With a slower upload speed or higher latency it interferes with the normal flow. If the requests are lagged it will affect the result.
With 100+ smaller requests the connection has to negotiate each one. The latency and upload can effect this.
This will be less pronounced with linear because we don't have to keep initiating requests over and over.
I went around and around with this one, trying to get those connections to ramp up quicker. Originally I was trying to make the test ramp up quicker by adjusting test parameters for that situation. Then realized that it's only doing what it's supposed to do. This happens when the connection is weak, it's only showing you what happened. If something slows down the requests or the process... it affects the end result.
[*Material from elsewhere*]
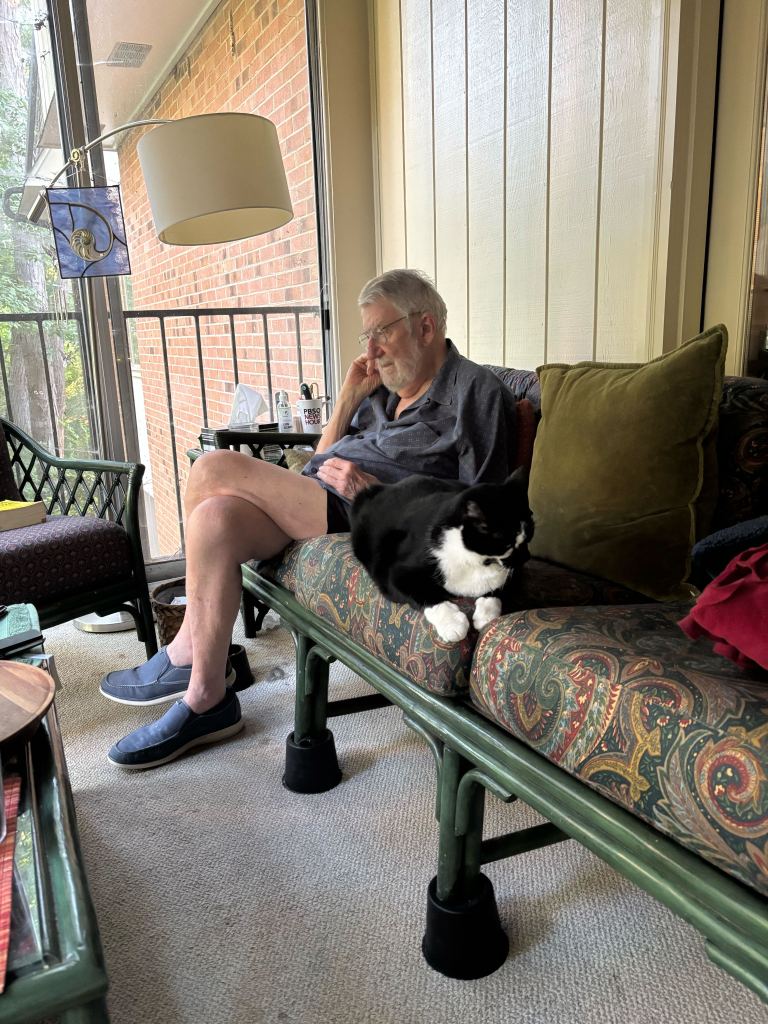 So good bonding time, with each of them. Dad and I hung out on his porch (which overlooks a golf course) a lot, joined by Julian the cat.

So keep in mind when you're using the beta, it's splitting the multithread process much more than my previous version. 100 elements for < 1MB tests and 200 elements beyond that, where the production multithread at 10MB you only open 12 threads and 200MB opens 30 threads. Big difference. The beta is more demanding.
The difference is before I adjusted the process to meet the connection. Smaller tests were done with less elements. I've decided going forward that TMN shouldn't scale based on the connection, rather measure every connection the same. As the linear test does. Remember I'm only talking about the multithread process.
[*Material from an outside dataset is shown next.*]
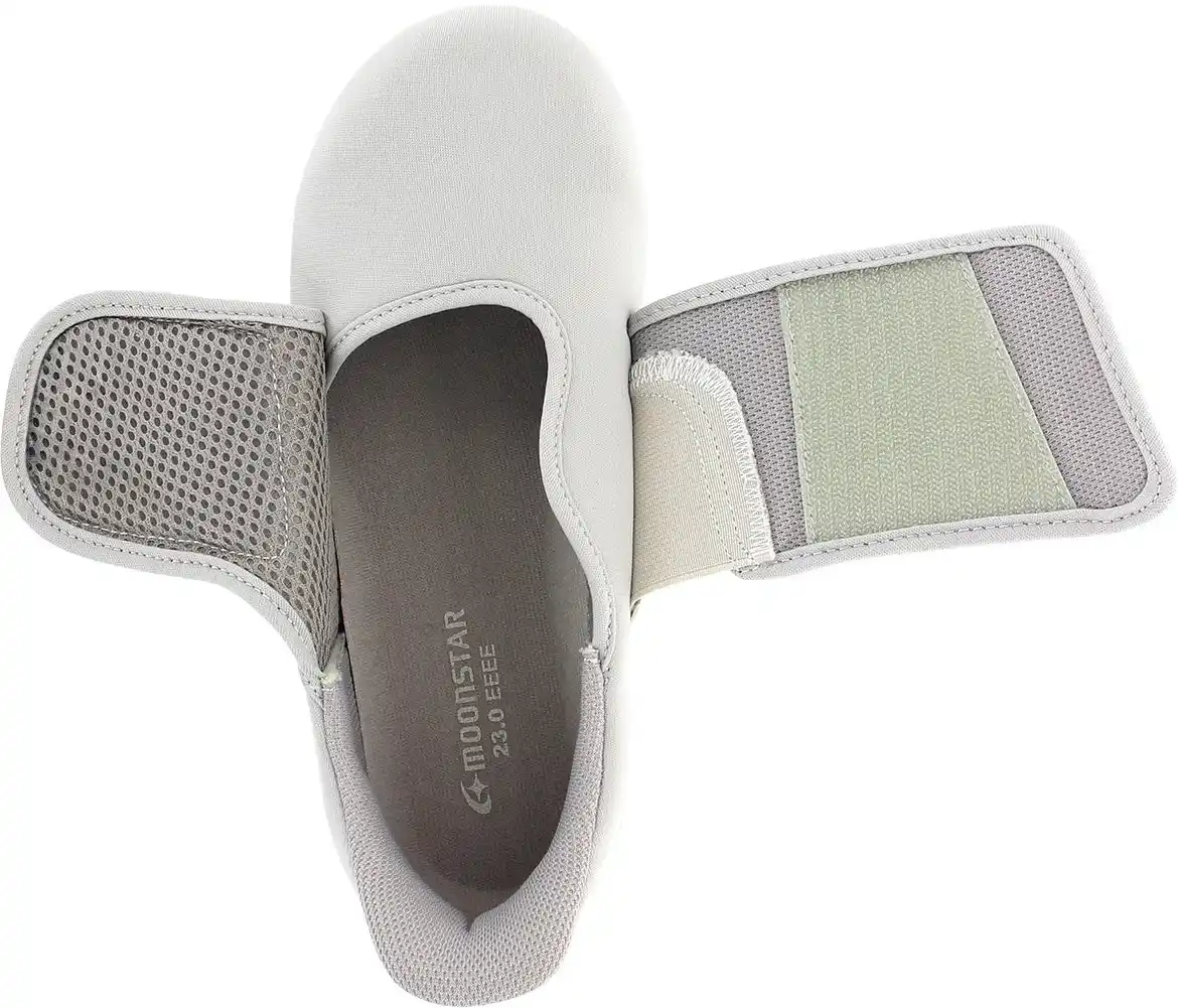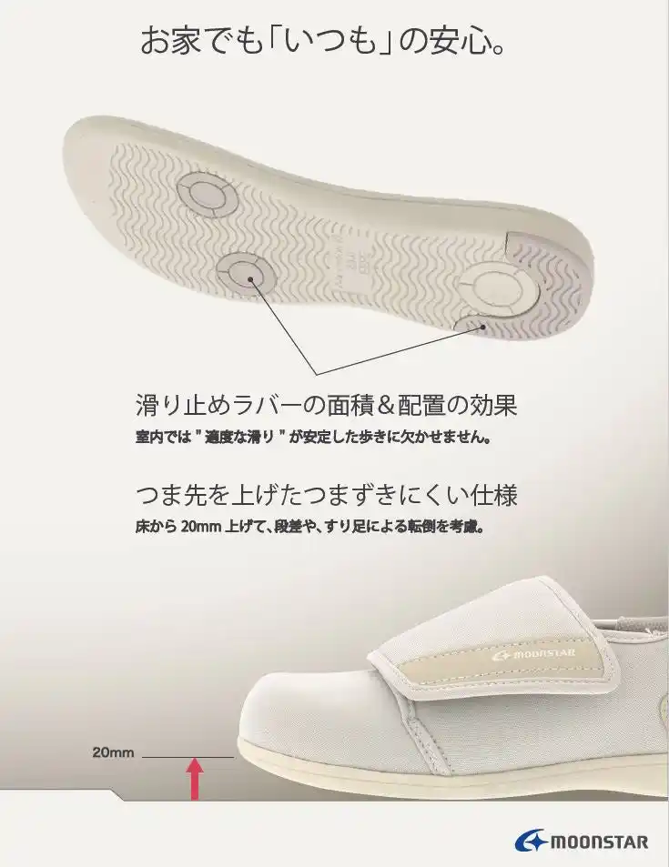 柔らかい素材で足当たりもやさしく、スッと履ける踵形状で脱ぎ履きも簡単。介助する方も楽に履かせることができます。むくみが気になる方でも着脱しやすいように「PASTEL410」は履き口が大きく開き、「PASTEL411」は幅広の甲バンドがゴムなのでよく伸び足にフィットする仕様が特徴です。靴底の滑り止めラバーは室内での利用を考慮した面積と配置に設計され、安定した歩行をサポートします。つま先部分は床から20mm上げており段差やすり足によるつまずき防止の設計。中敷を外してウィズ調整も可能です。さらに軽量性やニュートラルな落ち着いたカラー展開で室内での快適さにもこだわりました。リハビリシーンやお庭やちょっとした外履きにもおすすめです。 |

The beta upload test works the same way, 100 and 200 elements.
A couple of things to can do. Click [customize] and Enable Linear Boost or test linear on connections like that one.
I've seen that too, always on crappy connections. I think you're right about it being due to packet loss. I'm going to see about detecting when a thread gets stuck like that and then reinitiate that thread and report the event in the results.
It's all about how the data is being rendered. The beta is an entirely new test with different variables. These new variables seem to favor more modern connection types because they're better designed for this type of load. A bunch of small requests may be harder to render in some cases than a few large ones. But that's what we're here to test.